Due to its data acquisition, cleaning and visualisation capabilities the model has been become a central point of focus for the finance, analytics and trading team.
Case Study 2
Client
The project was conducted for major project advisory and specialist finance arranging company. The client worked in conjunction with a leading debt collection agency operating in multiple areas including credit cards, mortgages, consumer travel, insurance and energy. They are renown for providing innovative solutions to complex project requirements, which creates competitive advantages and enhances returns for their customers.
Purpose
The client required a pricing and profitability model to estimate future financial returns for the bid process of secondary debt and a model for predicting future returns from their loans.
- Loan repayment behaviour modelling to enable users to forecast loan repayments of a given debtor dataset.

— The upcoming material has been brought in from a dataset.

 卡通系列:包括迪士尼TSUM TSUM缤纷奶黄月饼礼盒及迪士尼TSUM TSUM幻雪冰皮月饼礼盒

- Multiple machine learning algorithms that created forecast curves based on debtor characteristics and past behaviour.
- Determination of NPV of secondary debt for bid processes.

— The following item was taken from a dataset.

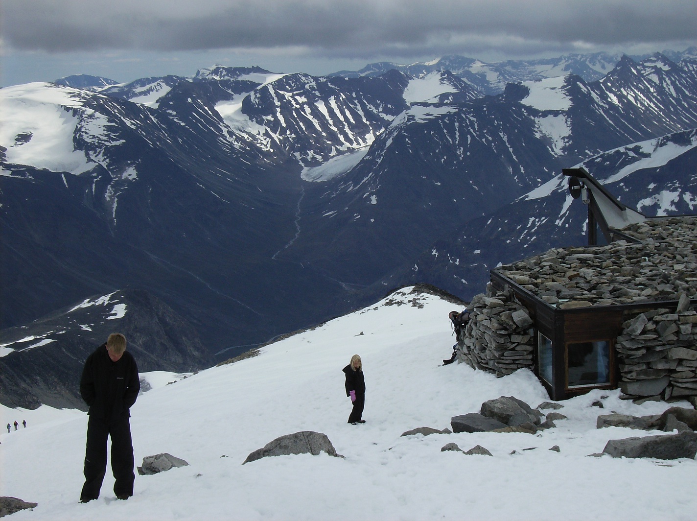 jbl Skrevet 16. juli 2010 Skrevet 16. juli 2010 Jeg har nu syv år på stribe tilbragt en uge af min sommerferie med familien i Jotunheimen. I år var jeg af sted med mine børn, Cecilie på 21, Sebastian på 16 og Amanda på 10, mens min kone blev hjemme med knæproblemer sammen med sin søn. Cecilie havde Galdhøpiggen som hovedattraktion, efter at jeg har haft slæbt hende med på en stor håndfuld mindre befolkede 2000-meter toppe, så vi måtte ramme Spiterstulen i løbet af ugen. Vejrudsigten i starten af vort ophold var dog ikke alt for lovende, så vi valgte at starte med nogle hytte-til-hytte-ture. Vi tog Valdresekspressen til Gjendesheim, herfra båden ind til Gjendebu, hvor vi gik første dagsetape til Leirvassbu mandag d. 5. juli. Det regnede det meste af dagen, men skyerne lå forbavsende højt, og vi fik derfor rigelig lejlighed til at studere de mange flotte tinder omkring Langvandet. En lille forhindring var elven ned fra Uradalen, som var langt kraftigere end for seks år siden, da jeg sidst gik turen. Først måtte jeg selv gå over med rygsækken for dernæst at returnere og hjælpe Amanda over. Vi fik alle våde sokker, men pyt. Tirsdag kunne jeg godt have tænkt mig en mindre toptur til Tverrbotntinderne lige over Leirvassbu. Det havde været en overkommelig tur også for Amanda. Men skyerne lå lavt, og vejrudsigten lovede ikke bedring, så vi besluttede at gå mod Spiterstulen. Fra sidst på formiddagen lettede skyerne dog, og faktisk fik vi turens bedste dag med høj solskin hele eftermiddagen. Ærgerligt vi ikke havde gået Tverrbotntinderne, men nu fik vi en fantastisk flot tur ned gennem Visdalen med udsigt til alle de store tinder. Efter oplevelsen med Uradøla dagen forinden frygtede vi en anelse at skulle krydse Visa-elven på sten. Det viste sig dog ganske problemfrit, selvom Amanda måtte have en smule hjælp. De to store kunne dog ikke dy sig og lavede kapløb over elven med det resultat, at Cecilie vred om på knæet. Vi kølede knæet i det kolde vand og forbandt det, og Cecilie klarede turen frem til Spiterstulen, men da knæet først fik ro, blev det stift, og Cecilie måtte blive på Spiterstulen resten af ferien. Galdhøpiggen fik hun ikke, så vi må såmænd nok tilbage næste år. Onsdag måtte Cecilie blive på Spiterstulen og pleje sit knæ. Amanda trængte til en fridag efter to lange dagsture, så også hun blev nede. Jeg benyttede så chancen til at invitere Sebastian med på Tverråtinden. Jeg har en (ikke ufravigelig) ambition om hvert år at få en ny 2000-meter top til min lille samling, og Store Tverråtind kunne være et flot bidrag til samlingen. Vi fulgte stien op mod Svellnosbræen til hvor den krydser elven. Herfra fandt vi selv ruten videre op mod Tverråbræen og videre langs nordsiden af denne op til Tverråbåndet. Indtil da havde vejret været fint, men nu, så tæt på målet, blæste det op. Vi nåede lige at få et glimt nordpå på den anden side af båndet mod imponerende Skarstind, da skyerne lagde sig tæt over fjeldene og sneen begyndte at vælte ned. Vi ville dog ikke give op efter den lange anmarch og begav os op ad stenskråningen mod Tverråryggen. Vi fandt solbriller frem, ikke for beskyttelse mod solen, men mod hagl og modsne. Oppe på topryggen blæste det fælt, og sigtbarheden var 50 meter. Vi klatrede frem lidt nede på den sikre sydside, da vi pludselig fandt toppunktet lige over os med en lille varde. Men var det nu toppen :) : Vi kunne ikke rigtigt orientere os, men efter at have læst andre turbeskrivelser får jeg den mistanke, at vi befandt os på den 2288 meter høje vesttop og ikke hovedtoppen på 2309 meter. Jeg har vedlagt foto, og eksperter i sagen må gerne kommentere, også om det er negativt. Efter et kort ophold på "toppen" begav vi os nedad. Sebastian følte sig utryg og kunne absolut ikke lide forholdene på topryggen, så, om vi var på hovedtoppen eller ej, var det eneste rette beslutning. Vi fandt en snefyldt rende lige under toppen, og i denne kurede vi 3-400 højdemeter ned i susende fart til stor morskab, og Sebastian kunne atter finde de store smil frem. Dernæst returnerede vi samme vej, vi var kommet op. Torsdag tog jeg Sebastian og Amanda med på guidet tur til Eventyrisen på Svellnosbræen, mens Cecilie stadig plejede sit knæ. Eventyrisen er altid et hit for børnene, og i år var ingen undtagelse. Amanda, som var på isen for første gang, ville gerne gå turen igen om fredagen, og hun havde et fint motiv, da vi havde glemt nye batterier til kameraet og derfor ikke kunne tage billeder på Eventyrisen. Fredag, sidste dag i denne omgang inden busturen hjem til Danmark via Lom og Oslo, blev dog dedikeret Galdhøpiggen. Cecilie gik med fra morgenstunden, men allerede efter 300 højdemeter kunne hun mærke, at knæet ikke kunne holde, og hun måtte returnere. Vi andre tre fortsatte i fint vejr op til Svellnosa, som jeg altid har gået udenom på mine tidligere ture til Piggen, og således fik jeg på sin vis en ny 2000-meter top til samlingen, hvis ikke Tverråtinden kan godkendes. Videre til Piggen over Keilhaus gik det problemfrit, og efter 4½ timer på vej stod vi på Nordeuropas tag og kunne se ned på alle de andre flotte tinder. Fem minutter efter vor ankomst til toppen drev skyer ind fra vest, og vi søgte ly i den lille stenhytte. Efter at have nydt en karton juice var skyerne drevet bort, og vi kunne studere udsigten nok engang, inden vi atter begav os ned til Spiterstulen og Cecilie. Vis rapporten i Turkartet Vis større kart

- Time-series forecasting of the secondary loans owned by the client. Users to be able to adjust assumptions of the dataset and to run multiple scenarios over different time periods.
- Connection of the Excel model with a SQL database through Python. Users are able to pre-process and filter data for visualisation and adjustment of the machine learning algorithms.

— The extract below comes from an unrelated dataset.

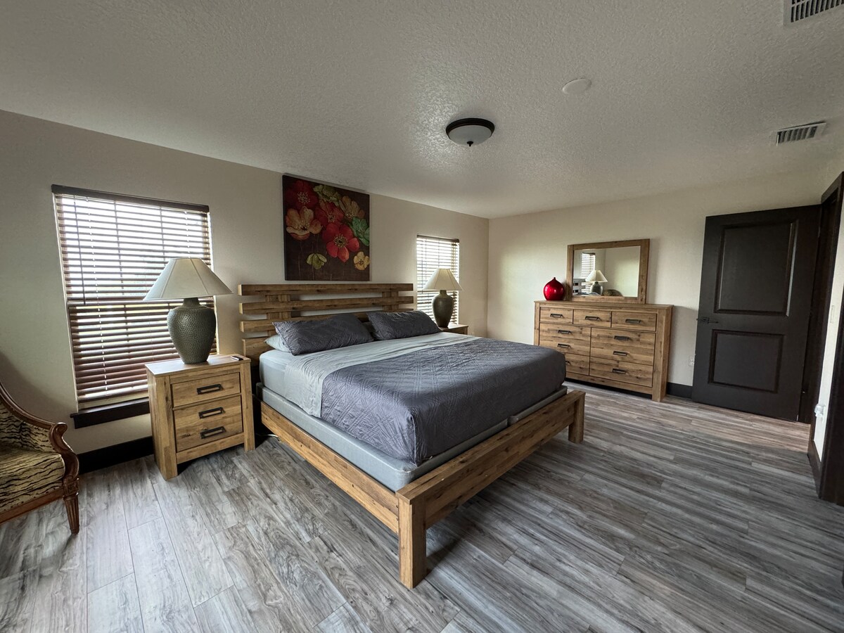 Private Master Suite with it's own exclusive entry. It has a convenient kitchenette complete with mini refrigerator, microwave, toaster, toaster oven and an outside grill. Comfy Queen size bed with overhead ceiling fan. Private Bathroom and shower. Lake view from the front of property, unit is in the back overlooking wetlands. Plenty of parking, with enough room to bring a boat.

- Utilisation of a dashboard, which allows users of the model to collect results and to draw inferences based on changing assumptions.
Approach
The development of the model was separated into data connection and pre-processing, valuation of a debtor dataset for the bidding process and time-series forecasting of loan repayments of secondary loans owned by the client. Valuation and time-series forecasting were both performed by the machine learning algorithms. The algorithms automatically update their inputs based on changing data. To assess the accuracy of the algorithms for valuations past predictions were compared with actual repayments over time. The time-series forecasts were continually compared with updated actuals.
Outcome
The model has enabled the client to make more accurate valuations during the bid stage of secondary debt and helped to estimate expected revenue from their currently owned debt.
The user-friendly Excel front-end interface of the model has also enabled users to analyse and visualise data fast and efficiently.